Во вторую от лестницы дверь в комнату с наглухо закрытыми ставнями она вошла, все так же не оглядываясь, прошла к столу и, установив на него светильник, бросила на ходу:
— Засов.
Курт осторожно, стараясь не громыхнуть и не скрипнуть, вдвинул деревянный брус в петлю и развернулся к хозяйке дома, вдруг поняв, что не знает, какими словами начать разговор.
— Сколько времени у тебя в запасе? — спросила та, медленно приблизившись на два шага; он передернул плечами:
— Прикрыт до утра. Какими судьбами ты...
— Стало быть, поговорим потом, — оборвала она решительно, и Курт с готовностью умолк, тоже шагнув навстречу.
— Ничего не имею против, — согласился он серьезно.
— Свидание раз в десять лет — это перебор, — вздохнула Адельхайда, потянувшись, и перевернулась на бок, приподнявшись на локте и подперев ладонью щеку. — А с нашей службой каждое из них может и вовсе оказаться последним.
— Раз в пять лет, — поправил Курт с улыбкой, она фыркнула в ответ:
— Пражское не считается. То еще свиданьице — явиться в разгар расследования, чтобы увидеть даму мельком, поцеловаться с ней над трупом предателя и сбежать на следующий день, не попрощавшись.
— Для последнего у меня были веские причины.
— Да, я знаю, — отозвалась Адельхайда уже серьезно и, помолчав, вздохнула: — А мне не удалось даже побывать на погребении...
— И не только тебе. Отец Бенедикт был духовным отцом для многих... да и не только духовным. Большинству из нас он был единственным настоящим отцом вообще. И большинство по тем или иным причинам не смогли с ним попрощаться; нам с Бруно еще повезло...
— Как ладишь с ним? — спросила она спустя мгновение молчания. — Я понимаю, что вы всегда были душа в душу, но все ж одно дело напарник, а другое — духовник...
— А когда оный духовник еще и бывший помощник на побегушках, а ныне — начальство... — продолжил Курт с улыбкой и отмахнулся: — Оказалось проще, чем я полагал.
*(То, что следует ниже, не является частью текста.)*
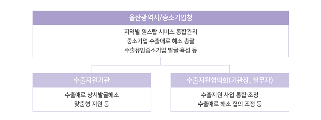 원스톱(one-stop) 지원을 위한 일원화는 하드웨어에만 국한 된 것이 아니다. 울산시는 이미 2015년부터 2억 원의 예산을 투입해 ‘울산 통상지원시스템’을 준비하고 있었다. 2016년 1월에 첫 선을 보 인 통상지원시스템은 ①FTA 등 각종 무역정보 제공 ②울산시 통 상지원시책 안내 ③통상지원시책 온라인 참여 신청 ④수출 중소 기업 정보 D/B 구축 ⑤통상지원시책 수혜 현황 관리 등 다양한 기 능을 수행한다. 정부나 무역협회 등에서 실시간으로 제공하는 세계 경제동향과 세계 경제의 리스크 요인, 통상환경 전망 등 수출과 관 련된 다양한 정보도 한눈에 볼 수 있다.

В сущности, ничего не изменилось; просто теперь на то, чтобы долбить мне мозг, у него есть заверенные документально полномочия, каковыми он и пользуется беззастенчиво... Так какими судьбами ты в Бамберге? И что не так с семейкой Гайер, раз уж ты обратила на них внимание?
— Хотела тебя спросить о том же, — усмехнулась Адельхайда. — Не представляешь моего изумления, когда я увидела тебя расхаживающим подле моего дома.
— Не видел другого способа дать знать о себе, — пожал плечами Курт. — В свете гибели Штаудта все regulae communicatorum[29] на территории этого города упразднены, посему оставалось лишь нагло импровизировать.
— Как ты узнал, что я здесь, а главное — кто сказал, что интересуюсь Гайерами?
— Помнишь охотника, с которым мы с Бруно вляпались в стаю ликантропов? Он здесь: охотничье сообщество заинтересовало невероятное количество малефиков в этом городе. В процессе расследования, каковое здесь проводит Ян, он и узнал о тебе; твое имя он запомнил после ульмской истории, и в голове у него, сдается мне, угнездилась какая-то непристойная версия насчет нас с тобою.
— С чего б это, — вскользь улыбнулась Адельхайда, тут же посерьезнев. — Хм. Резвый парнишка... А ты-то здесь что забыл?
— Расследую исчезновение Штаудта. Точней (если res suis vocabulis nominare[30]) его убийство.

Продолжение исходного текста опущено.